Let’s consider five main metrics similar to the ones from RAGAS as an example:

  • Answer similarity: How close the facts of the answers are ?
  • Answer fluency: What is the quality of the generated answer ?
  • Answer groundedness: How much the answer is based on the provided context ?
  • Answer relevancy: how relevant the answer is to the question ?
  • Answer coherence: How coherent the different sentences of the answer are to each other ?

The metrics above will be computed using gpt-4-turbo as an LLM judge.

NB: Do not forget to adapt the few shots with examples from your use-case.

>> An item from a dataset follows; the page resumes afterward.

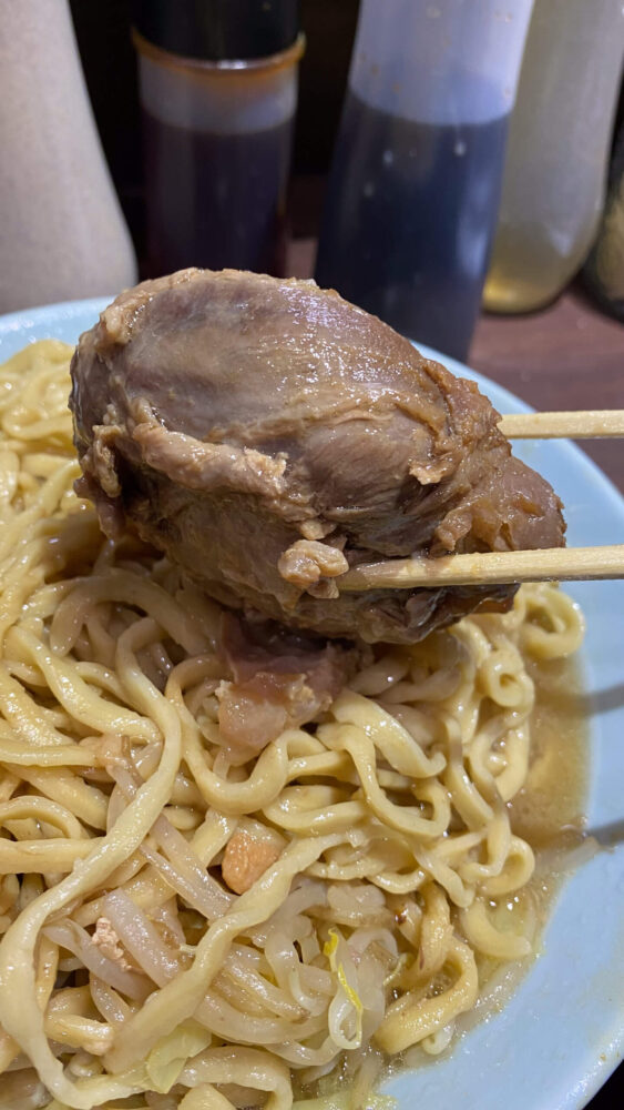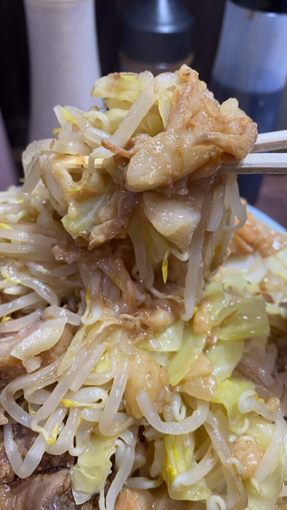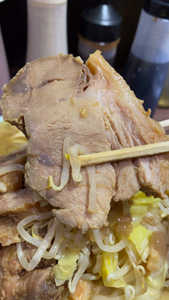 ぶ厚い豚4枚の上に乗る野菜とプルプルな味付きアブラがすさまじく食欲を刺激する一杯!

#Few shots inspired from the prompt flow evaluation of Microsoft
from dataclasses import dataclass

@dataclass
class answer_similarity:
    question: str
    ground_truth: str
    answer: str
    name: str = "answer_similarity"
    prompt_template: str = """
    System:
    You are an AI assistant. You will be given a definition of an evaluation metric for assessing the quality of an answer in a question-answering task. Your task is to compute an accurate evaluation score using the provided metric. Provide only the metric value without any additional text or explanation.
    
    User:
    Equivalence measures the similarity between the predicted answer and the correct answer. If the information and facts in the predicted answer are similar or equivalent to the correct answer, the Equivalence metric value should be high; otherwise, it should be low. Given the question, correct answer, and predicted answer, determine the Equivalence metric value using the following rating scale:
    
    One star: the predicted answer is not at all similar to the correct answer
    Two stars: the predicted answer is mostly not similar to the correct answer
    Three stars: the predicted answer is somewhat similar to the correct answer
    Four stars: the predicted answer is mostly similar to the correct answer
    Five stars: the predicted answer is completely similar to the correct answer
    The rating value should always be an integer between 1 and 5. The rating should be 1, 2, 3, 4, or 5.
    
    {{few_shots}}

    question: {{question}}
    correct answer: {{ground_truth}}
    predicted answer: {{answer}}
    stars:
    """
    few_shots: str = """    
    The examples below show the Equivalence score for a question, a correct answer, and a predicted answer.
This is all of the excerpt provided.